Millions of people can’t keep pace with insane rental rates

It’s been a housing kick here, for good reason. The availability is too thin; the prices are crazy and getting worse.

Forget about buying a home, many millennials have done so. They don’t have a down payment and, according to a survey, half of those who don’t yet own a home have even given up on trying to save for it. Prices keep going up, there is a chronic shortage of properties for sale at reasonable prices, especially as those with the money move on, buy more modest places, tear them down and build something new. big. Selling prices have jumped more than 24% since 2017.

Those who cannot own a place are forced to be part of the class of probable permanent tenants. Now comes the other bad news: rents are skyrocketing.

Real estate tech site Zumper, which is an apartment rental marketplace, has released its October 2021 rent report (I am linking to an archived version to ensure consistency). Check out some of the median bedroom rent prices:

1. New York: $ 3,100

2. San Francisco: $ 2,800

3. Boston $ 2,530

4. San José $ 2,310

5. Washington $ 2,240

The only city in the top 10 under $ 2,000 was Scottsdale, Arizona, at $ 1,890. The explosion in rents is a bigger problem than a cluster of cities, as the report points out:

“Since March 2020, the median rent for a bedroom has increased by 11.8%, while that for apartments with two beds has increased by 14.3%. With house prices also skyrocketing during the pandemic, soaring housing costs are one of the main drivers of inflation fears. “

As the site also notes, the result becomes a blockage. Many people who in milder times bought homes and moved beyond the rental system, increasing supply and possibly lowering prices, are still renting. More and more people are in need of rental housing, making it a prime product to build in the commercial real estate market (apartments, professionally called multi-family, are a huge business).

Such concentrated jumps are one example of why inflation can be so deadly. What does it matter if you can get inexpensive canned tamales? More and more of your income is absorbed by the need for housing, which becomes money invested on behalf of others with no chance that you yourself will see a return.

By channeling so much income into housing, millions of people do not have it to create wealth through investments, which ultimately spill over into other uses.

The bigger question is how long they will be able to afford rents of any kind. The financial pressure had already gotten bad. A Center for Analysis of Budget and Policy Priorities showed that between 2001 and 2019, the median income of renter households only increased by 3.4%, while the median rent increased by 15%. Much of the difference is due to the enduring problems of the Great Recession, as median incomes fell and only regained the loss in 2017.

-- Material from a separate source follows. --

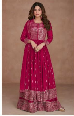
A | 9539
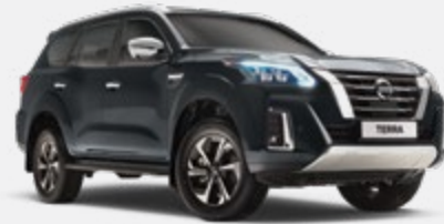
Grey - K21

Now there have been significant rent cuts at the start of the pandemic. But prices have skyrocketed. In August 2021, it was the first time that national rent growth has reached double digits – 11.5% year-over-year, or $ 169 more per month for renters, according to the National Association. of Realtors. That’s even faster than the growth in home prices, which rose 8.6% this month.

How long is it possible for this to last? A lot of people in real estate assume that because people need a place to live, rents can keep going up. But there is not an infinite capacity to absorb the continuous increases because people also need to eat. They need care. They need transportation to get to and from work. They need child care.

We have a strange relationship with each other in this country. There is the underlying assumption that the economy has no limits, that there is an inherent right to absorb as much of each other’s value as there is to take. But it is mathematically absurd. A stable society needs stable systems in which people can get what they need. Drain this ability from others to further fuel your own wealth and you engage in what was called under-optimization.

It can be great for you personally, but terrible for society. Eventually, you have to live in what this society becomes, and it could get horribly ugly. Money can only protect you for a long time.